In the bundle sheath cells, CO2 is released from the transported compounds and enters the Calvin cycle.
The separation of CO2 fixation and the Calvin cycle into different cells reduces the effects of photorespiration and increases the efficiency of carbon fixation, especially under high light and high-temperature conditions.
Overall, the C4 pathway allows plants to minimize water loss
through reduced stomatal opening,
increase photosynthetic efficiency,
adapt to environments with high light, high temperature, and low CO2 conditions.
CAM Pathway
The CAM pathway is a specialized form of photosynthesis observed in certain plants, particularly succulents, that grow in arid or semi-arid environments.
CAM plants: cacti, pineapple, and some orchids.
The CAM pathway allows plants to conserve water:
by opening their stomata
and conducting gas exchange during the night when temperatures are cooler and humidity is higher.

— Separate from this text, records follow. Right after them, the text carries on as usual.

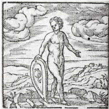
1577, n. 113.
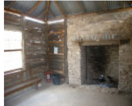
KOW PLAINS HOMESTEAD SOHE 2008
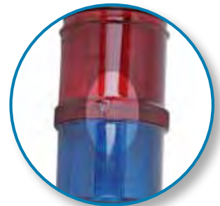
EASY “NO TOOLS” TWIST ON LOCKING SYSTEM
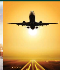
Airlines & Marine
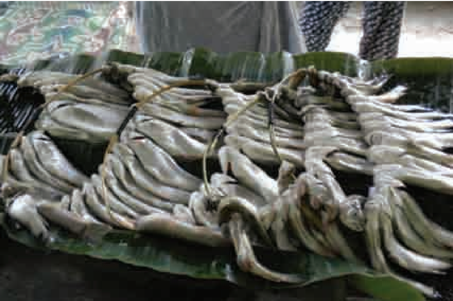
Catch fishes from river Teesta tributary in the local market for sale (East Sikkim)

KEYWORDS: cold water, fish biodiversity, physico-chemical parameters, Sikkim
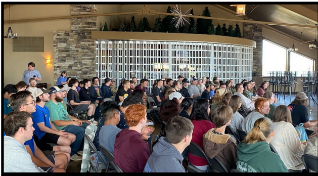
Packed with students at WSU/UI fall breakaway

During the night, CAM plants open their stomata and take in carbon dioxide, then convert into a four-carbon organic acid called malate.
The malate is stored in large vacuoles until the following day.
During the day, the stored malate is broken down releasing CO2 that enters the Calvin cycle for photosynthesis, which enables carbohydrate synthesis and the production of glucose.
The CAM pathway allows plants to efficiently use CO2 by storing it at night and releasing it during the day, avoiding excessive water loss through transpiration.
This pathway maximizes water-use efficiency in arid environments where water availability is limited.
CAM plants have adapted their leaf anatomy and physiology to carry out this pathway, including specialized cells and biochemical mechanisms that regulate the storage and release of CO2.
The CAM pathway is an example of a plant's ability to adapt to water-stressed conditions and efficiently utilize available resources.